If you've ever wondered if the Pentagon has ever exposed the American public to ticks infected with biological weapons, you're not alone.

Rep. Christopher Smith (R-N.J.) authored an amendment to the House version of the Fiscal 2020 National Defense Authorization Act would require the Defense Department Inspector General's Office to find out if the U.S. military experimented with using ticks and other insects as biological weapons between 1950 and 1975.

If such experiments took place, the amendment would require the inspector general's office to tell lawmakers if any of the ticks or other bugs "were released outside of any laboratory by accident or experiment design."
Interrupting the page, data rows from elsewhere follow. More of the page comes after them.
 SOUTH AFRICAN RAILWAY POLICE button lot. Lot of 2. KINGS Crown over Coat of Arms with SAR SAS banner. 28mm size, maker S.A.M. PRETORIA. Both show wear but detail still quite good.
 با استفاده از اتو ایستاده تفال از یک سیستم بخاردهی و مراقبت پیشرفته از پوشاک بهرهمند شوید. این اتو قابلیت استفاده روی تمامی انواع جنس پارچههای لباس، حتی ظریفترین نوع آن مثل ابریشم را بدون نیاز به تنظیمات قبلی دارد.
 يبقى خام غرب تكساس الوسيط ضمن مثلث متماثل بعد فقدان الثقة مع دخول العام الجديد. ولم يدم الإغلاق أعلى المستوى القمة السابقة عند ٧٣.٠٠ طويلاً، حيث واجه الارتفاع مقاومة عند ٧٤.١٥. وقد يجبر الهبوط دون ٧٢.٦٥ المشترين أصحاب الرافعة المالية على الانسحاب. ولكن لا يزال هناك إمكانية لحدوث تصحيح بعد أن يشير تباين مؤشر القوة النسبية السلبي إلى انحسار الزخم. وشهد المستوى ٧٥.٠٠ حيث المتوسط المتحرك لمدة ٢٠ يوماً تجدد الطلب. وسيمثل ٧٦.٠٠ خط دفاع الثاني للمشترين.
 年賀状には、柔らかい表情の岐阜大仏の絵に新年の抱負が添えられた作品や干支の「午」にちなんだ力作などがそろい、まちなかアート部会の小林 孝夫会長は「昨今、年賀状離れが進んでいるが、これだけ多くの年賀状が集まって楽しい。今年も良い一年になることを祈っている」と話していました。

Smith is the founding co-chair of the House Lyme Disease Caucus. In a news release, Smith said he was inspired to write the amendment after reading books and articles about U.S. military experiments meant to use ticks and other insects to infect enemies.
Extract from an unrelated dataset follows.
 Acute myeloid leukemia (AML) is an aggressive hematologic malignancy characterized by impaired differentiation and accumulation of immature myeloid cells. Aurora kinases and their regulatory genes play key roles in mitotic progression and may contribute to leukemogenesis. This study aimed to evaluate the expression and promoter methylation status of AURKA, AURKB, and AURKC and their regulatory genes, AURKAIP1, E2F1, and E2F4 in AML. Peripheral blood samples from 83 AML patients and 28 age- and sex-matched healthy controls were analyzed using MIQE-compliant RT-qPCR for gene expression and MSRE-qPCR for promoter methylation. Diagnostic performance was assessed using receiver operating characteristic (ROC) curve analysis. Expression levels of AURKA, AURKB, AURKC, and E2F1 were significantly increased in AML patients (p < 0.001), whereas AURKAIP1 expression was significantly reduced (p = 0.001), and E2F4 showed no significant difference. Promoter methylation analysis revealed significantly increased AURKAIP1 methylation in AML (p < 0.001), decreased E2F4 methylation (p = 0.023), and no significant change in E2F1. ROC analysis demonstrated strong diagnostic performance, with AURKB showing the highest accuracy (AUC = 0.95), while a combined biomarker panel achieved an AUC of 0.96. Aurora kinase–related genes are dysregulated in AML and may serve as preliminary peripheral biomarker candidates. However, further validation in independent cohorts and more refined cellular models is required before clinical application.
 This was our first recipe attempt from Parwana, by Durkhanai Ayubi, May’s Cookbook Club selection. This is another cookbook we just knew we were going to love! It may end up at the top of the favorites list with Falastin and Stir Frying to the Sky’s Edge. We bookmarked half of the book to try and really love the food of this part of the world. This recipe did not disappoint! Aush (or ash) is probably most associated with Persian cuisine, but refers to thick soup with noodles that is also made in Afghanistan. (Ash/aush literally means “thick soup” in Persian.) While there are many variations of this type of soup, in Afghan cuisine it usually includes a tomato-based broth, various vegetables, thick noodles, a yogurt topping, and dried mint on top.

"With Lyme disease and other tick-borne diseases exploding in the United States—with an estimated 300,000 to 437,000 new cases diagnosed each year and 10-20 percent of all patients suffering from chronic Lyme disease—Americans have a right to know whether any of this is true," Smith said in the news release. "And have these experiments caused Lyme disease and other tick-borne disease to mutate and to spread?"
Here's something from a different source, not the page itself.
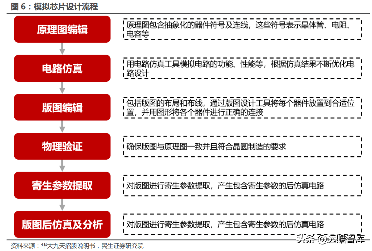 公司是我国唯一能够提供模拟电路设计全流程 EDA 工具系统的本土 EDA 企业。该 EDA 工 具系统包括原理图编辑工具、版图编辑工具、电路仿真工具、物理验证工具、寄生参数提取工具和可靠性分析工具等,为用户提供了从电路到版图、从设计到验证的一站式完整解决方案。目前大部分模拟芯片产品仍在使用 28nm 及以上的成熟工艺制程,从工艺支持角度来看公司既有模拟电路设计及验证工具已可以满足大部分模拟设计客户的制程需要。

Defense officials did not provide a comment for this story. Lawmakers from the House of Representatives and Senate will now consider whether to include Smith's amendment in the final version of the NDAA.

President Richard Nixon announced in 1969 that the United States would unilaterally end its offensive biological weapons program. Although the Soviet Union also signed a ban against such weapons in 1972, it continued to weaponize biological pathogens such as anthrax throughout the Cold War.

More than 60 people were killed when anthrax spores were accidentally released from a bioweapons facility in Sverdlovsk, Russia.